Task brief: Copied exactly and without pictures, the lines from the beginning of the entries through the one that holds "Moonlit Voyage –" should form the entire reply.

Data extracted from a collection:
◆ ◆ ◆ ◆

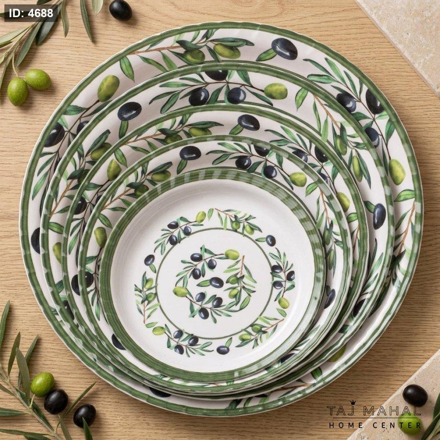 جاط ميلامين مدور ابيض بنقشة الزيتون
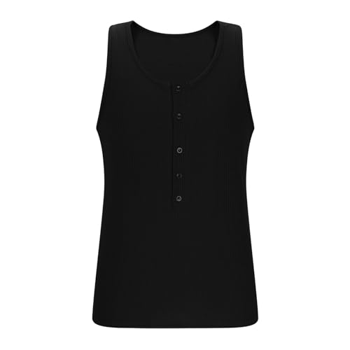 HOT ! Cambkatl Men's Button Up Henley Tank Top Sleeveless Ribbed Knit Summer Slim Fitted Muscle Tee Shirt
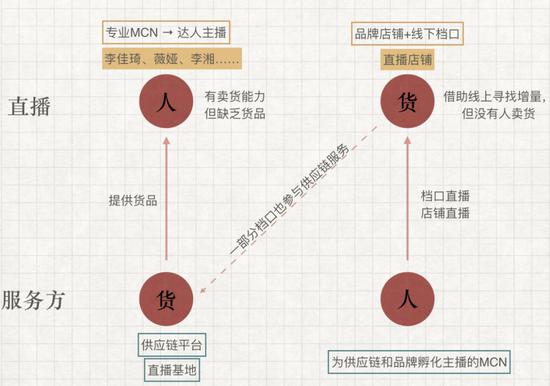在文章开始前,我们可以先用上图的模型理解整个淘宝直播生态:“人”和“货“构成了淘宝直播的两大维度,一类是围绕人的达人直播,一类是围绕货的店铺直播,也由此衍生出不同的服务商。
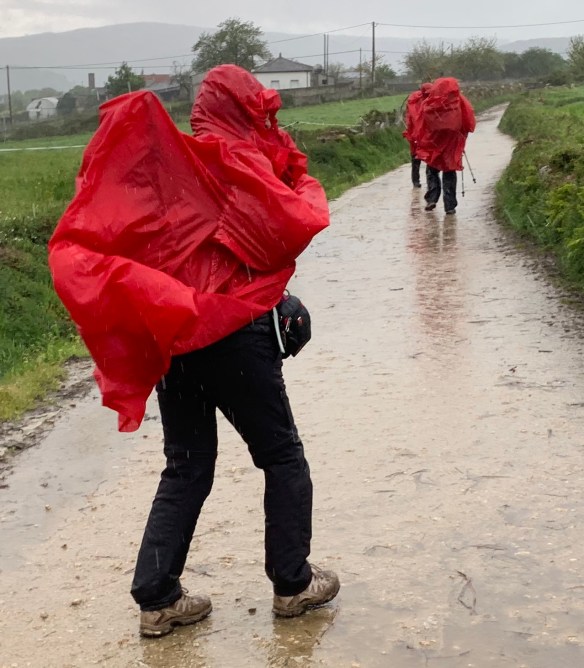 Dearest Pilgrims, You are giving the Camino your all! Clearly, you are determined to accomplish it to the very end without a day off or a bus ride. Sending you warmest wishes for your continued safety & health with Buen Camino vibes in abundance!💕 (Some sun would help, too!🌞)
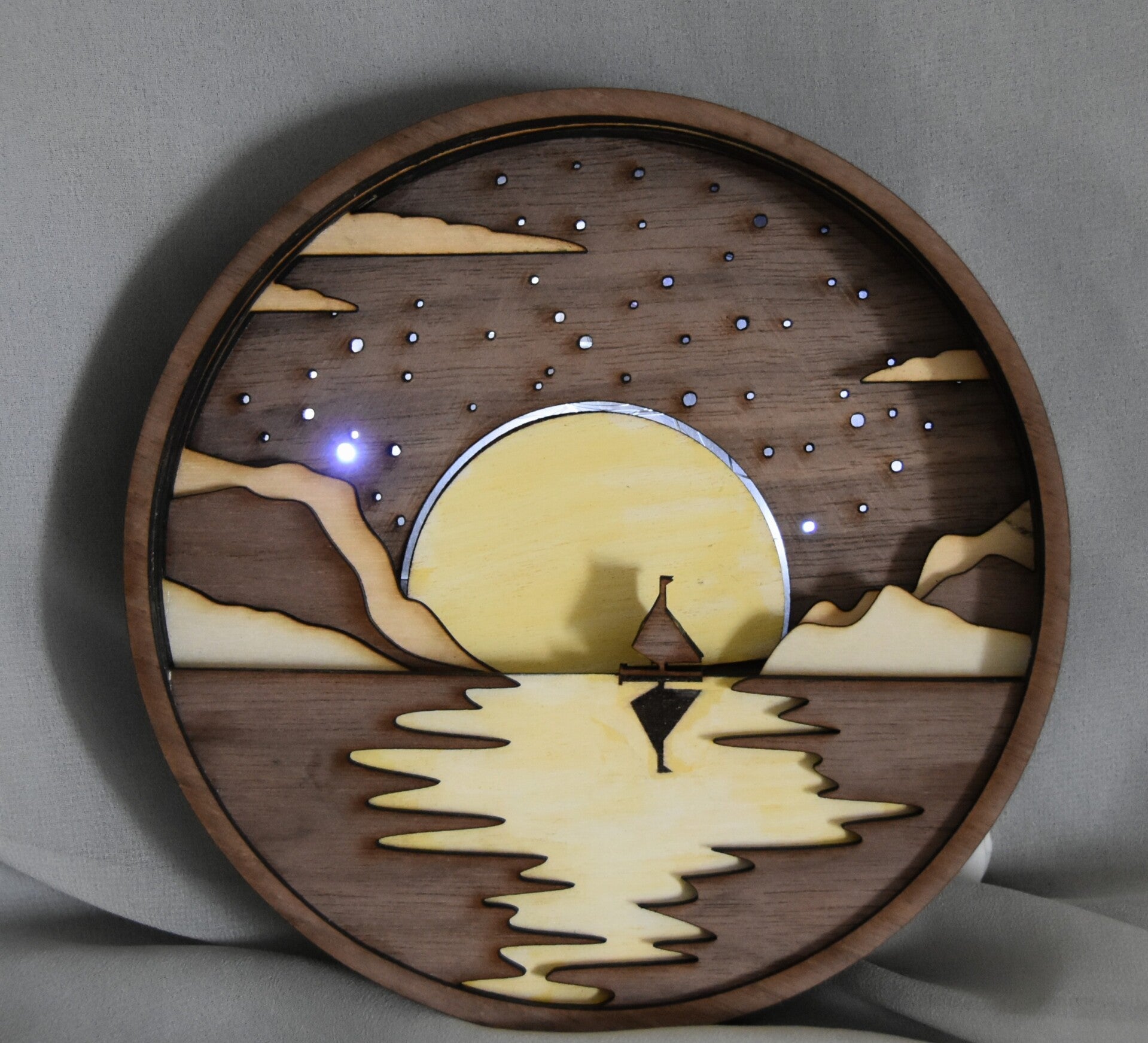 Moonlit Voyage – Layered Wooden Lighted Artwork
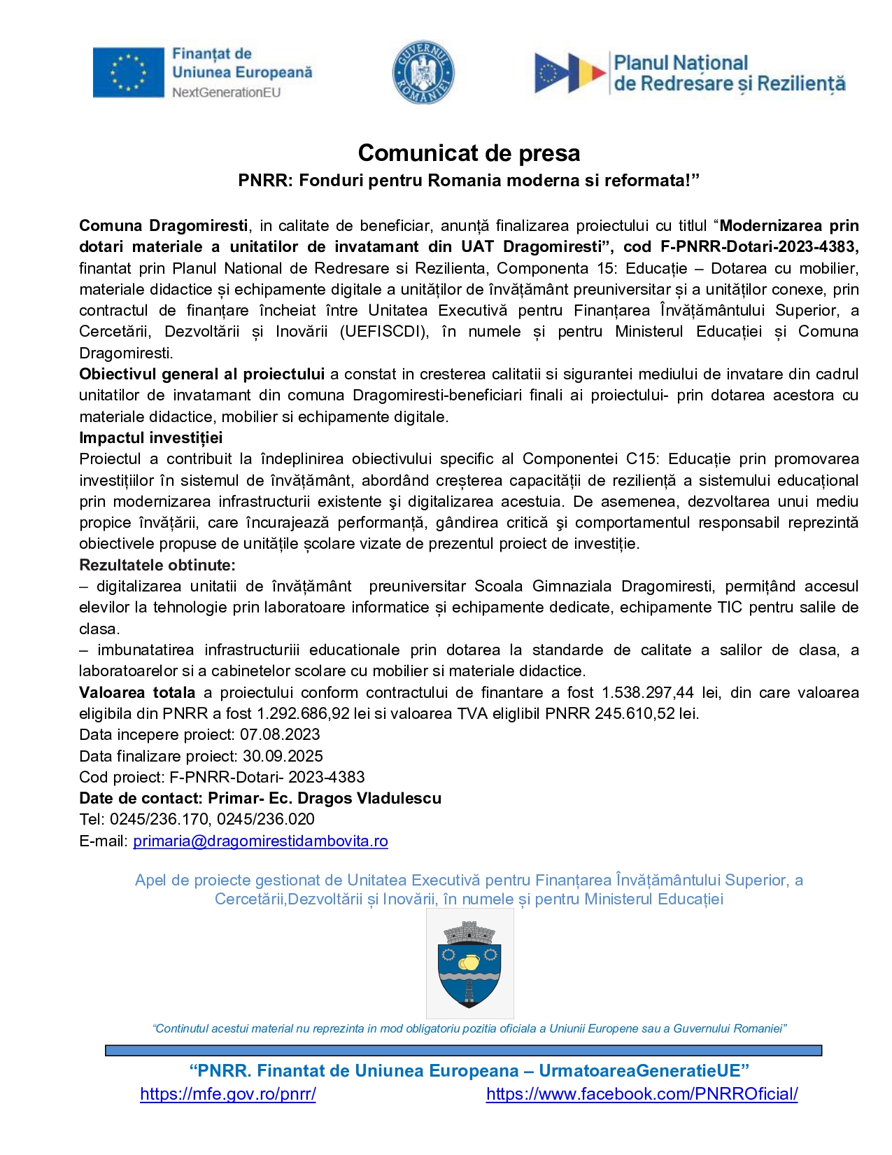 Anunţuri Updated: 20 august 2025 PNRR: Fonduri pentru România modernă și reformată! By admin 21 august 2025 172 0 Acțiune FacebookTwitterPinterestVKWhatsAppImprimareEmailViberCopy URL Publicitate Citeşte şi ActualităţiŞtefan Khalil - 3 octombrie 2025Noua bază sportivă a UVT, inaugurată oficial Cultură - Învățământadmin - 3 octombrie 2025Corala Catedralei din Târgoviște a cucerit podiumul ActualităţiRodica Vasiliu - 3 octombrie 2025Lecții rutiere pentru elevii de la Școala „Mihai Viteazul” EconomicŞtefan Khalil - 3 octombrie 2025Bază sportivă nouă, finalizată la Voinești Cultură - ÎnvățământRodica Vasiliu - 3 octombrie 2025Complexul Muzeal „Curtea Domnească” a lansat oferta de ateliere pentru elevi Acțiune FacebookTwitterPinterestVKWhatsAppImprimareEmailViberCopy URL Articolul precedentConstruire spălătorie auto de tip self-serviceArticolul următorGoluri multe și etapa a 3-a Publicitate LĂSAȚI UN MESAJ Renunțați la răspuns Comentariu: Vă rugăm să introduceți comentariul dvs.! Nume:* Introduceți aici numele dvs. Email:* Ați introdus o adresă de e-mail incorectă! Vă rugăm să introduceți adresa dvs. de e-mail aici Website: Salvați numele meu, adresa de e-mail și site-ul web în acest browser pentru data viitoare i comentariu. Ultimele ştiri ActualităţiŞtefan Khalil - 3 octombrie 2025Noua bază sportivă a UVT, inaugurată oficial*Investiția, derulată prin Compania Națională de Investiții, are o valoare de aproximativ 9 milioane de lei și include o... Cultură - Învățământ Corala Catedralei din Târgoviște a cucerit podiumul admin - 3 octombrie 2025 Actualităţi Lecții rutiere pentru elevii de la Școala „Mihai Viteazul” Rodica Vasiliu - 3 octombrie 2025 Economic Bază sportivă nouă, finalizată la Voinești Ştefan Khalil - 3 octombrie 2025 Cultură - Învățământ Complexul Muzeal „Curtea Domnească” a lansat oferta de ateliere pentru elevi Rodica Vasiliu - 3 octombrie 2025 Citeşte şi... Întreruperi de energie electrică programate Anunţuri admin - 29 septembrie 2025 Modernizare fermă zootehnică Anunţuri admin - 23 septembrie 2025 Întreruperi de energie electrică programate Anunţuri admin - 22 septembrie 2025 Adio, Cosmin Oprea! Anunţuri admin - 21 septembrie 2025

◆ ◆ ◆ ◆

Written reply:
 جاط ميلامين مدور ابيض بنقشة الزيتون
 HOT ! Cambkatl Men's Button Up Henley Tank Top Sleeveless Ribbed Knit Summer Slim Fitted Muscle Tee Shirt
在文章开始前,我们可以先用上图的模型理解整个淘宝直播生态:“人”和“货“构成了淘宝直播的两大维度,一类是围绕人的达人直播,一类是围绕货的店铺直播,也由此衍生出不同的服务商。
 Dearest Pilgrims, You are giving the Camino your all! Clearly, you are determined to accomplish it to the very end without a day off or a bus ride. Sending you warmest wishes for your continued safety & health with Buen Camino vibes in abundance!💕 (Some sun would help, too!🌞)
 Moonlit Voyage – Layered Wooden Lighted Artwork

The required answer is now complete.